I would like to bring this topic to the community to discuss.

My recent OMOP conversion source data is a data warehouse from one of the largest EHR vendors in US. Its data has some care site attributes such as Hospital bed size range (200-299, 300-499, 500+ etc.), Teaching hospital indicator, Rural-urban indicator and etc. I have asked them how are these data element used and they did provide me with use cases. Also I think attributes describing care site, location, and provider can be very useful in healthcare research. Some of the attribute examples are listed below and lots of them have been used in research literature:

PROVIDER

  • Years in practice

  • Years practicing in current setting

  • Doctor’s rating (WebMD, Healthgrades etc.)

  • Language spoken

  • Job tile (director, department chairman etc.)

  • NPI equivalent in other countries

CARE_SITE

  • Hospital bed size range (200-299, 300-499, 500+ etc.)

  • Teaching hospital indicator

  • Rural-urban indicator

  • Practice type (solo practice, episodic care practice/walk-in clinic etc.)

  • Total number of clinical and administrative staff

  • Number of patient visits per week in primary practice

  • Focused practice scope (yes/no)

LOCATION

  • Rurality (metropolitan, suburban, rural etc.)

  • Accessibility to health care

  • Population density

  • Air Quality Index (AQI)

  • Average temperature

  • Annual days of sunlight exposure (ASE)

  • Region

  • International address format (District, Province, Region etc.)

  • Latitude

  • Longitude

  • Altitude (height above sea level)

And the list goes on and on. Currently our person centric OMOP CDM model does not support including these data elements. Now one choice to expand current dimension table structure by add all these attributes into their respective tables, i.e., Provider, Care_site and Location table. But that is disruptive and also not economical since in many cases, source data do not provide these information. So I am proposing to add a row based new table, called Dimension_Attribute (or any name you want to call it) as a comprehensive way to include these attributes in case source data does provide such information. It also preserves the original dimension table structure and is backward compatible. The table will have following columns:

  • Domain_id - This will have one of the 3 values: Provider, Care_Site or Location

  • Dimension_id - This is the same id number as in their respective dimension tables, i.e., Provider_id, Care_Site_id or Location_id

  • Attribute_concept_id - Cconcept_id for the attribute, e.g., 55556666 for Air Quality Index (AQI)
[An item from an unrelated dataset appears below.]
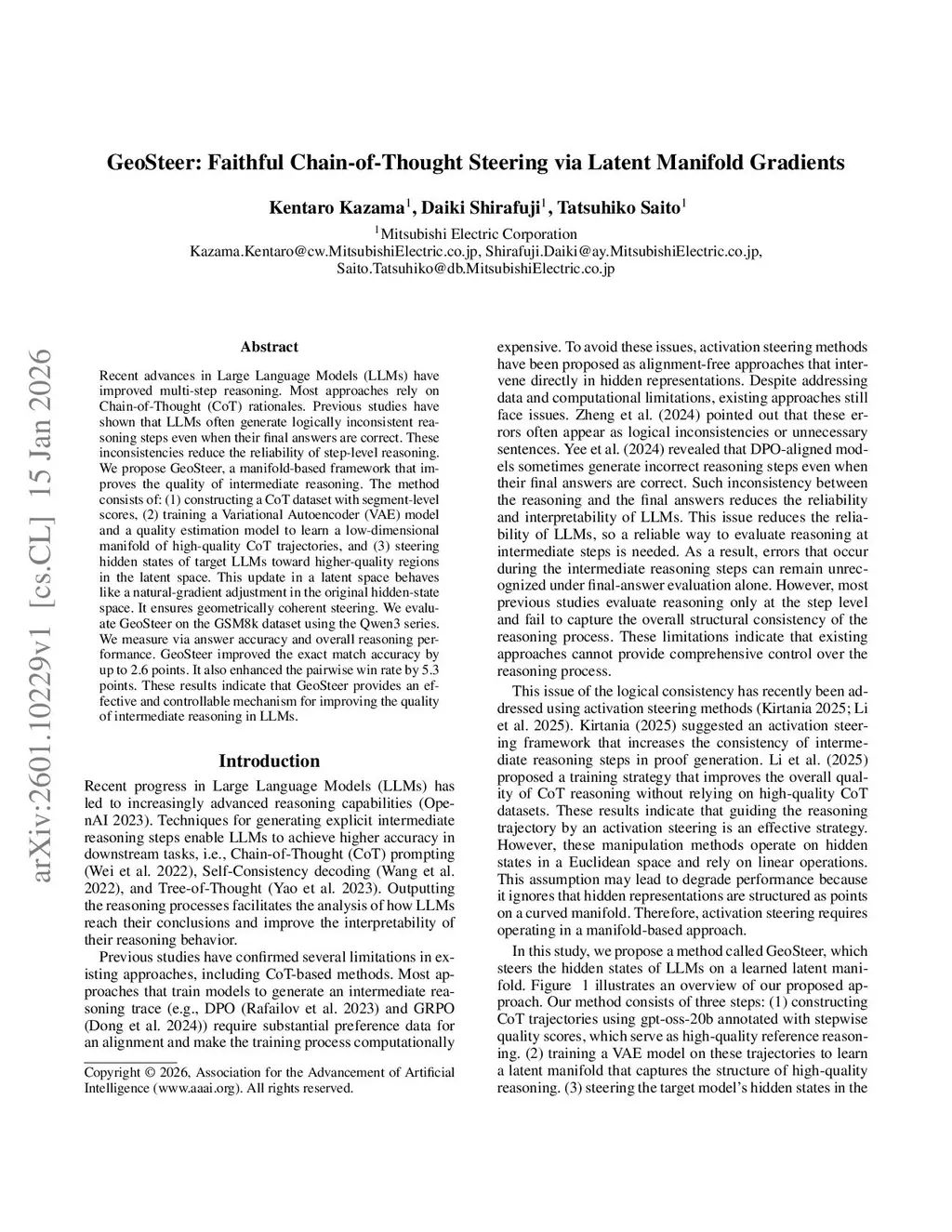Recent advances in Large Language Models (LLMs) have demonstrated remarkable progress in their reasoning capabilities, such as Chain-of-Thought (CoT). Most approaches rely on CoT rationales. Previous studies have shown that LLMs often generate logically inconsistent reasoning steps even when their final answers are correct. These inconsistencies reduce the reliability of the reasoning process. We propose GeoSteer, a manifold-based framework that improves the quality of intermediate reasoning. The method consists of: (1) constructing a CoT dataset with step-level scores, (2) training a Variational Autoencoder (VAE) model and a quality estimation model to learn a low-dimensional manifold of high-quality CoT trajectories, and (3) steering hidden states of target LLMs toward higher-quality regions in the latent space. This last step enables steering of the hidden states by following gradients along the learned manifold. It facilitates geometrically coherent steering. Evaluation experiments were conducted on the GSM8k dataset using the Qwen3 series. We evaluated performance using two metrics: answer accuracy and overall reasoning quality. GeoSteer improved the accuracy by 0.9 points and enhanced the reasoning quality by 4.5 points on average, compared with those of original LLMs. These results indicate that GeoSteer improves an effective and controllable mechanism for improving the quality of intermediate reasoning in LLMs.
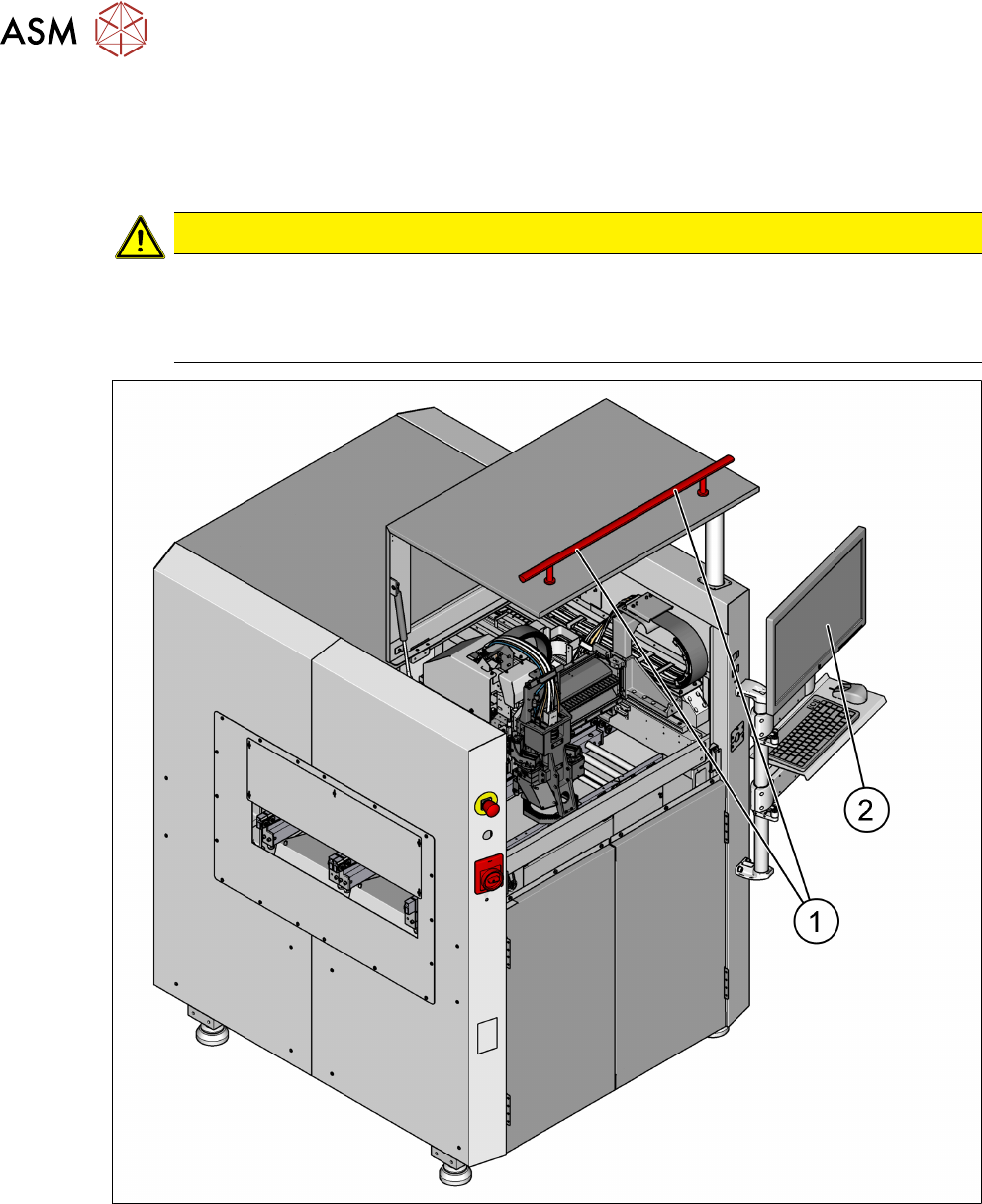 2 安全 2.4 操作设备时的安全须知 用户手册 ASM ProcessLens Dual-lane 06/2018 35 2.4.2 将印制板插入到输入和输出传送导轨中 警告 将印制板插入输入传送导轨中时有手部受伤的危险 将基板手动插入输入传送导轨时,手部可能会被悬臂夹住,因此可能会因进入悬臂危险区域 而导致人身伤害。 设备的运营公司将负责保证输入和输出传送导轨都已被盖好,从而避免任何人将手部和胳膊 伸到这个区域内。 以上注意事项同样…

  • Attribute_source_value - Source value for the attribute, e.g., Air Quality Index

  • Value_concept_id – Concept_id for the value of the attribute, e.g., 22223333 for AQI 0 -50; 33334444 for AQI 51-100; 44445555 for AQI 201-300 etc.

  • Value_source_value – Source data value for the attribute, e…g, AQI 35, AQI 95, AQI 268 etc.

  • Attribute_dt – This is the date when attribute value was reported. It is optional.

For a detailed table structure and examples, please see the spreadsheet attached.

Dimension attribute.xlsx (16.7 KB)

Since the table is row-based and not column based, it retains the capability to add as many attributes as needed without disrupting table structure. As a general rule, the table should mostly contains value provided by source data asset, and not derived value. However, if absolutely needed, such as in the case of spatial epidemiology (Geospaital functionality in Atlas: integration of AEGIS · Issue #649 · OHDSI/WebAPI · GitHub), this table can also accommodate derived value as well.

I am not sure if this has been proposed before. If yes, I apologize for not acknowledging you but I am not able to find it. Please feel free to give your opinion on this.

Thanks,

QI_omop:

Good stuff. We should think about these. But let’s tidy things up a little bit.

Can you share, please?

Obviously, in longitudinal data this won’t work, because it will change. Every year it will change by a year. So, if anything we would have date_of_graduation or something.

Not sure. Those tend to be the things we call “evidence”, and we would want to produce. What WebMD etc. have is called “hearsay” or “rumor”.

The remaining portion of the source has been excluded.